== PROBLEM ==
Word for word, restate the lines of the listing below from the line with "LLKC Saldus konsultāciju" through the line with "The 1899 Perth Sovereign has", and do not include the pictures.

== DATA FOR THIS EXERCISE ==
Start of Block

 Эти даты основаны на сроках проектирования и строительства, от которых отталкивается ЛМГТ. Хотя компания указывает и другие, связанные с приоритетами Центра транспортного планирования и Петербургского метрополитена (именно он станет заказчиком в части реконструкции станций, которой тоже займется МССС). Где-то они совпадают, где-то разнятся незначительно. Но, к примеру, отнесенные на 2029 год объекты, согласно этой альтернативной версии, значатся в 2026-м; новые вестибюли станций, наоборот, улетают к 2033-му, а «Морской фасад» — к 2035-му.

End of Block
Start of Block

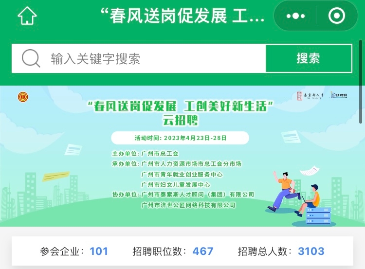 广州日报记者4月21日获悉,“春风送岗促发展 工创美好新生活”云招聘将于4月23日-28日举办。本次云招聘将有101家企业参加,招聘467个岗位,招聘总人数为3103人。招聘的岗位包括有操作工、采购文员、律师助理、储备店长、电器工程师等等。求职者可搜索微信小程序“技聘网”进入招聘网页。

End of Block
Start of Block

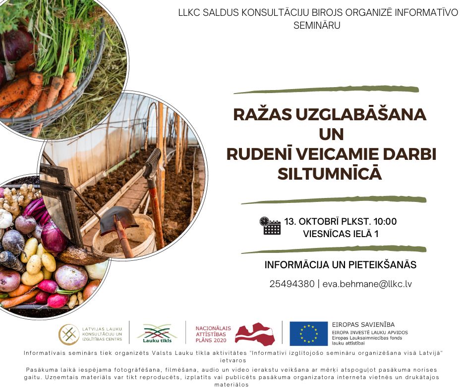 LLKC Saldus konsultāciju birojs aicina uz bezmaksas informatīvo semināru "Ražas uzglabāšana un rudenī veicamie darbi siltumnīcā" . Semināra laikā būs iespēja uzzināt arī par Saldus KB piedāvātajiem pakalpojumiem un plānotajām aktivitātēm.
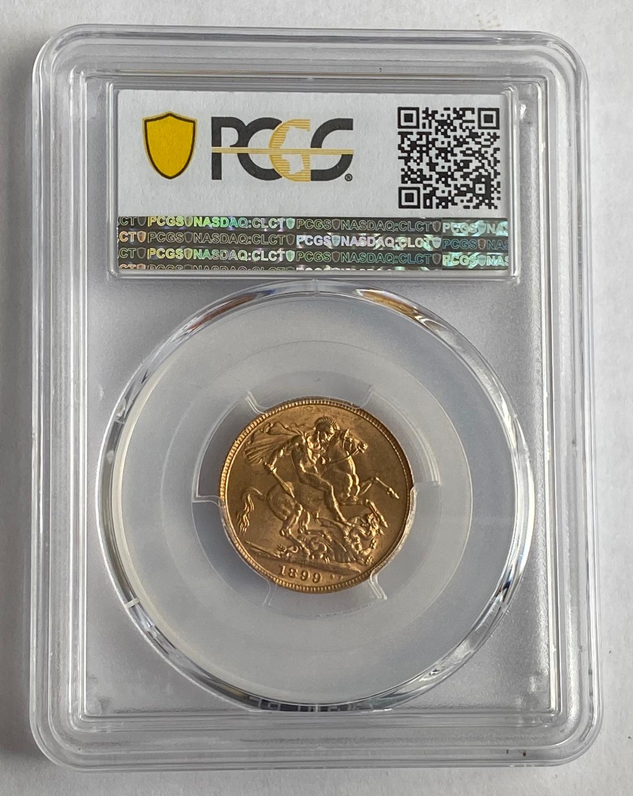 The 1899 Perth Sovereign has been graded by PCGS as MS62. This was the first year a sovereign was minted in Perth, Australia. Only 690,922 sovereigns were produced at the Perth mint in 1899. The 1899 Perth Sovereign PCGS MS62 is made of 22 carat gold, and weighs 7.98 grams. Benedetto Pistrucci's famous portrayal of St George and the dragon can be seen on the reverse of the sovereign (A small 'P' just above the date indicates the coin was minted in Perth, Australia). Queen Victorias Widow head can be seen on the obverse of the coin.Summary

End of Block

== OUTPUT OF THE TASK ==
 LLKC Saldus konsultāciju birojs aicina uz bezmaksas informatīvo semināru "Ražas uzglabāšana un rudenī veicamie darbi siltumnīcā" . Semināra laikā būs iespēja uzzināt arī par Saldus KB piedāvātajiem pakalpojumiem un plānotajām aktivitātēm.
 The 1899 Perth Sovereign has been graded by PCGS as MS62. This was the first year a sovereign was minted in Perth, Australia. Only 690,922 sovereigns were produced at the Perth mint in 1899. The 1899 Perth Sovereign PCGS MS62 is made of 22 carat gold, and weighs 7.98 grams. Benedetto Pistrucci's famous portrayal of St George and the dragon can be seen on the reverse of the sovereign (A small 'P' just above the date indicates the coin was minted in Perth, Australia). Queen Victorias Widow head can be seen on the obverse of the coin.Summary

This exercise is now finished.